33. November 28, 2018 – Amends Article III of the Constitution by adding a section which forbids the Legislature from selling, transferring, or otherwise disposing of state-owed real property or interest in real property, except after a public hearing held by a committee of the Legislature, and in the case of property owned by the Department of Agriculture or Department of Energy and Environmental Protection, after a two-thirds majority vote in both houses of the Legislature.
34. November 30, 2022 – Amends Section 7 of Article VI, Section 9 of Article III, and Section 4 of Article IV of the Constitution to permit the State Assembly to allow for a period of early voting before Election Day.

== Earlier Connecticut constitutions ==

The Fundamental Orders of Connecticut (1638) is considered by many to be the state's first constitution, although it was adopted while the state was still an English colony.
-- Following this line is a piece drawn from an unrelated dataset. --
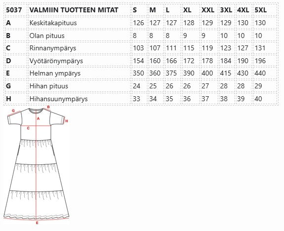 | 5037 | VALMISTETUN TUOTTEEN MITAT | S | M | L | XL | XX | 3XL | 4 | 5 |

The document recognized no allegiance to England but instead an independent government. The Charter of the Colony of Connecticut (1662) officially superseded the Fundamental Orders, but the local government continued operating under the previous rules. Even after the American Revolutionary War, the state retained its constitution for another 40 years.

The colonial charter was abolished with the adoption of the first state constitution in 1818. In contrast to the Fundamental Orders, that constitution provided for freedom of religion.

On October 1, 1901, Connecticut residents voted nearly 2-to-1 in favor of calling of a constitutional convention to revise the constitution. A convention was held, and a revised constitution was proposed. On June 16, 1902, voters rejected the revised constitution by a margin of more than 2-to-1.